You can call MultiQC on the STAR output folder to gather a report on the individual alignments.

Task : use multiqc to generate a QC report on the results of your mapping.

  • Evaluate the alignment statistics. Do you consider this to be a good alignment?
  • How many unmapped reads are there? Where might this come from, and how would you determine this?
  • What could you say about library strandedness ?
script and answers

#!/usr/bin/bash
#SBATCH --job-name=map-multiqc
#SBATCH --time=00:30:00
#SBATCH --cpus-per-task=1
#SBATCH --mem=1G
#SBATCH -o 043_l_multiqc_map_raw.o

multiqc -n 043_r_multiqc_mouseMT_mapped_raw.html -f --title mapped_raw 042_d_STAR_map_raw/
it can also be found in the cluster at /shared/data/Solutions/mouseMT/043_s_multiqc_map_raw.sh

Download the report

Comparison of mapping the trimmed reads

After having mapped the raw reads, we also map the trimmed reads and then compare the results to decide which one we want to use for the rest of our analysis.
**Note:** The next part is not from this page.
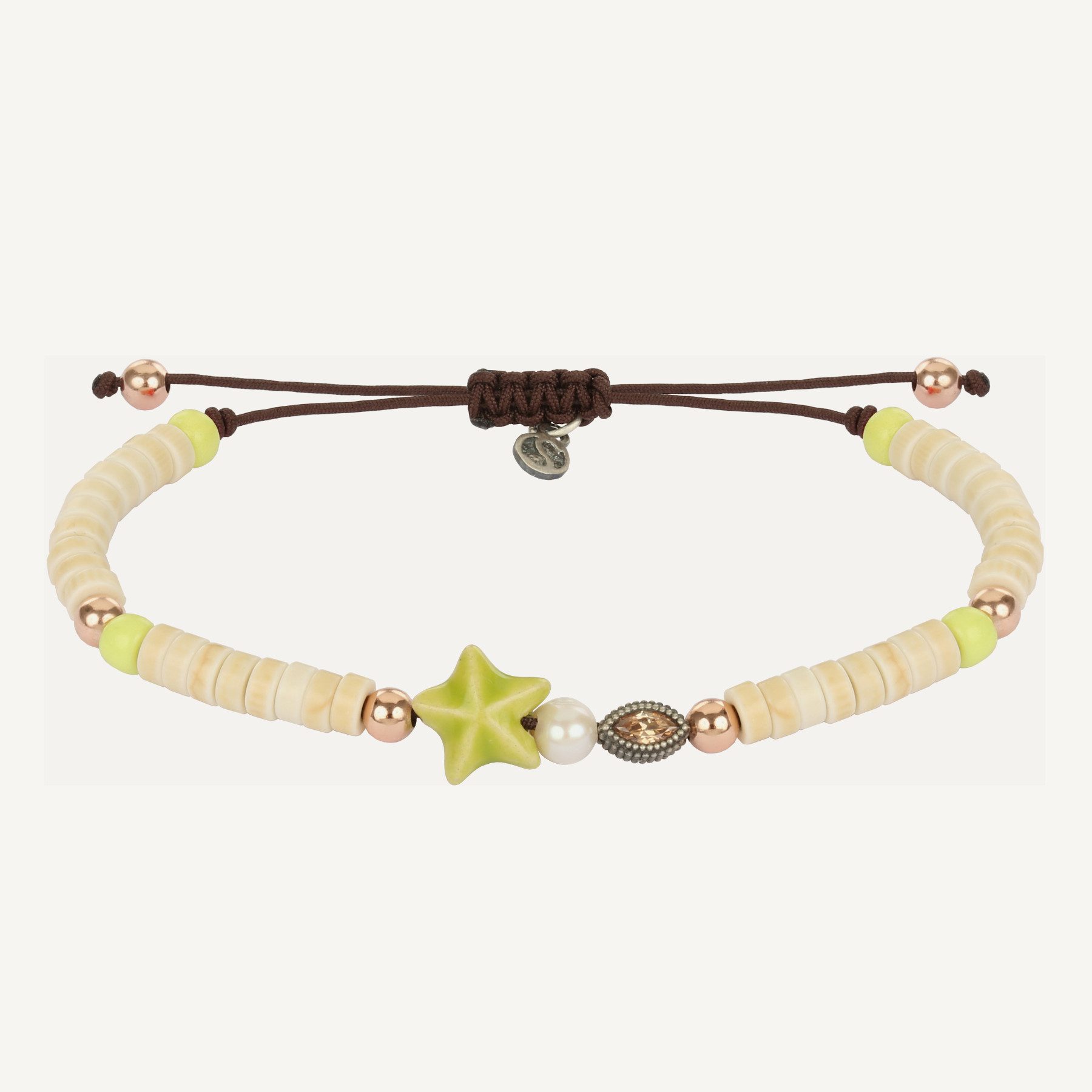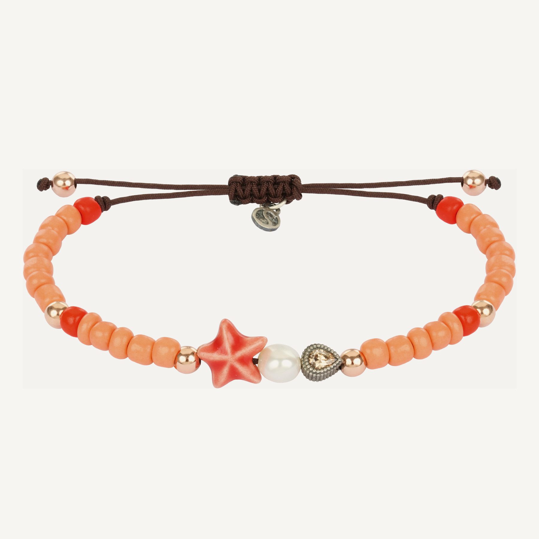Bracelet en argent sterling, perle, zircone, perles de verre, céramique et nylon.
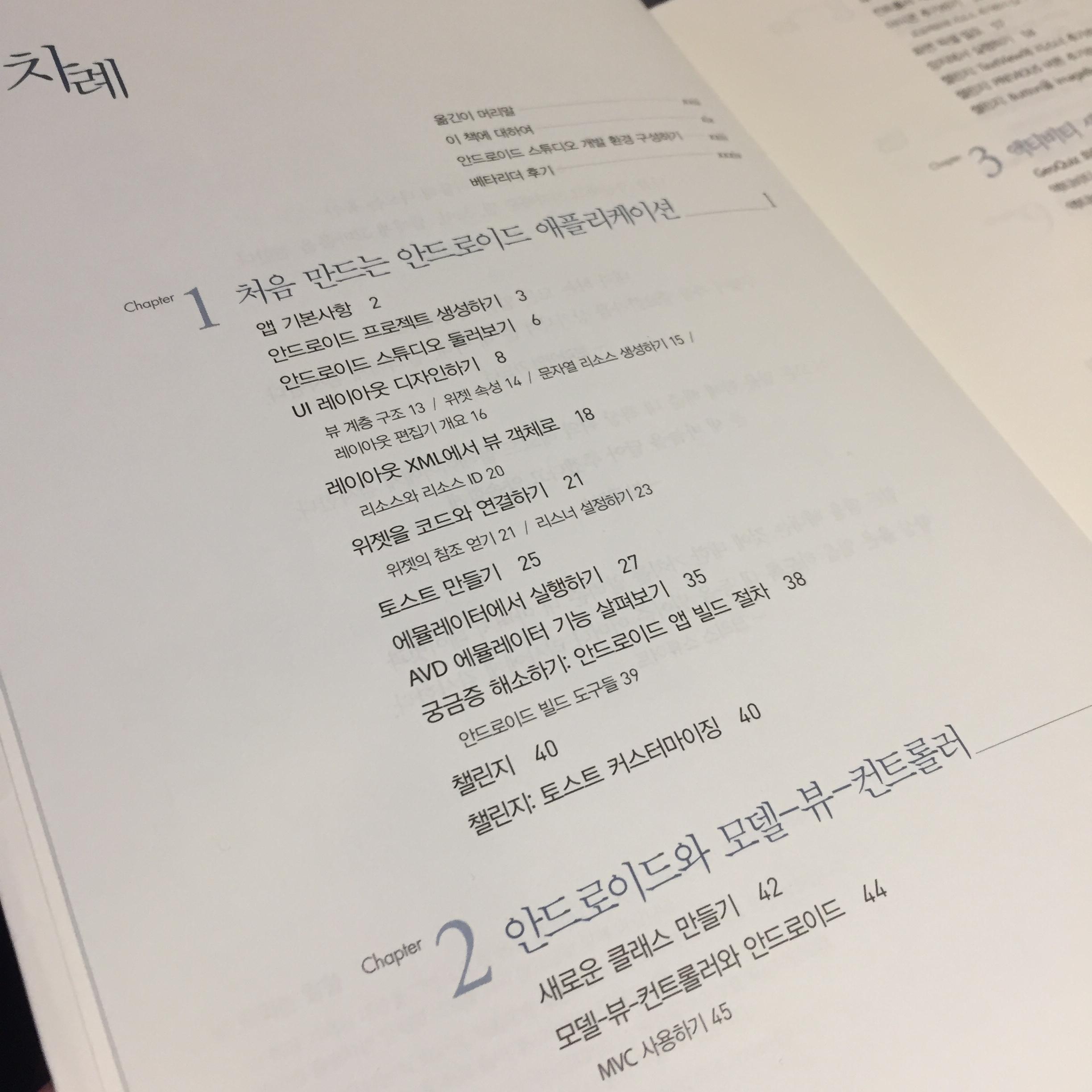 오래 전부터 안드로이드 앱을 만들어보고 싶어서 여러 권의 책을 읽어보았습니다. 주로 자바에 관련된 책들이었는데 꽤 여러 권의 책들을 읽었지만 아직 변변찮은 결과물을 하나 만들어보지는 못했습니다. 시간은 흐르고 버전들은 계속 올라가는 데 예전에 가지고 있던 책들만으로는 한계를 많이 보게 되었습니다.

We will spare you the mapping of the trimmed reads, and let you directly download the mapping multiqc report:

trimmed reads mapping report

For the curious: scripts for the mapping of trimmed reads

#!/usr/bin/bash
#SBATCH --job-name=star-aln
#SBATCH --time=00:10:00
#SBATCH --cpus-per-task=2
#SBATCH --mem=1G
#SBATCH -o 044_l_STAR_map_trimmed.%a.o
#SBATCH --array 1-8%8

ml star

mkdir -p 044_d_STAR_map_trimmed

SAMPLE=`sed -n ${SLURM_ARRAY_TASK_ID}p sampleNames.txt`

FASTQ_NAME=030_d_trim/${SAMPLE}.trimmed.fastq

STAR --runThreadN 4 --genomeDir 041_d_STAR_mouseMT_reference \
                 --outSAMtype BAM SortedByCoordinate \
                 --outFileNamePrefix  044_d_STAR_map_trimmed/${SAMPLE}_trimmed. \
                 --quantMode GeneCounts \
                 --readFilesIn $FASTQ_NAME
it can also be found in the cluster at /shared/data/Solutions/mouseMT/044_s_STAR_map_trimmed.sh

#!/usr/bin/bash
#SBATCH --job-name=map-trim-multiqc
#SBATCH --time=00:30:00
#SBATCH --cpus-per-task=1
#SBATCH --mem=1G
#SBATCH -o 045_l_multiqc_mouseMT_mapped_trimmed.o

multiqc -n 045_r_multiqc_mouseMT_mapped_trimmed.html -f --title mapped_trimmed 044_d_STAR_map_trimmed/
it can also be found in the cluster at /shared/data/Solutions/mouseMT/045_s_multiqc_mouseMT_mapped_trimmed.sh

ADDITIONAL : pseudo-aligning with salmon

salmon website

Salmon can allow you to quantify transcript expression without explicitly aligning the sequenced reads onto the reference genome with its gene and splice junction annotations, but instead to a simplification of the corresponding transcriptome, thus saving computational resources.

We refer you to the tool’s documentation in order to see how the reference index is computed.

Task : run salmon to quantify the expression of either the Ruhland or Liu dataset.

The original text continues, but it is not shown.